EXERCISE OBJECTIVE
Retype nothing but the lines from the start of the material up to and including the line with "最后陶磊书记充分肯定了此次专". Pictures don't belong in the copy.

STORED DATA
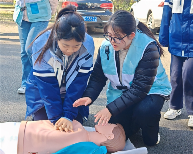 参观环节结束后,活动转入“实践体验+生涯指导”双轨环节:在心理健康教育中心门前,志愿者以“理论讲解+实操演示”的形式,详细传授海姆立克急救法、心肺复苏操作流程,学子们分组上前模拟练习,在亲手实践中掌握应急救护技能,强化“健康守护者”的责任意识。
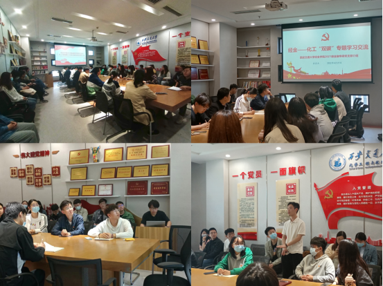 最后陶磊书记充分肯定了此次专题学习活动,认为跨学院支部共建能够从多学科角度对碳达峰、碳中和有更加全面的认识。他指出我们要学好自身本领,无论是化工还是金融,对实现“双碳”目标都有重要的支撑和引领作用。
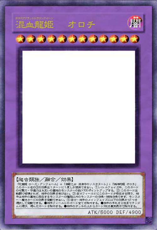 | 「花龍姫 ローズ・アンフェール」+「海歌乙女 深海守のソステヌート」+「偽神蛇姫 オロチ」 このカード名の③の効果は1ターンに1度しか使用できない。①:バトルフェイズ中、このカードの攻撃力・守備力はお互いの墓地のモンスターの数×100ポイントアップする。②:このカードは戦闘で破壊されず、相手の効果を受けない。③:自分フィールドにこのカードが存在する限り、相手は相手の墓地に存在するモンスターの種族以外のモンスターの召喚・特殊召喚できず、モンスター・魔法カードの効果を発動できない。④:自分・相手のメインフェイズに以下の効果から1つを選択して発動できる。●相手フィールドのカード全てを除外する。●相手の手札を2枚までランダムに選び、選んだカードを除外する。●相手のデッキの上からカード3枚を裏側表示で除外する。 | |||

SOLUTION TO THE EXERCISE
 参观环节结束后,活动转入“实践体验+生涯指导”双轨环节:在心理健康教育中心门前,志愿者以“理论讲解+实操演示”的形式,详细传授海姆立克急救法、心肺复苏操作流程,学子们分组上前模拟练习,在亲手实践中掌握应急救护技能,强化“健康守护者”的责任意识。
 最后陶磊书记充分肯定了此次专题学习活动,认为跨学院支部共建能够从多学科角度对碳达峰、碳中和有更加全面的认识。他指出我们要学好自身本领,无论是化工还是金融,对实现“双碳”目标都有重要的支撑和引领作用。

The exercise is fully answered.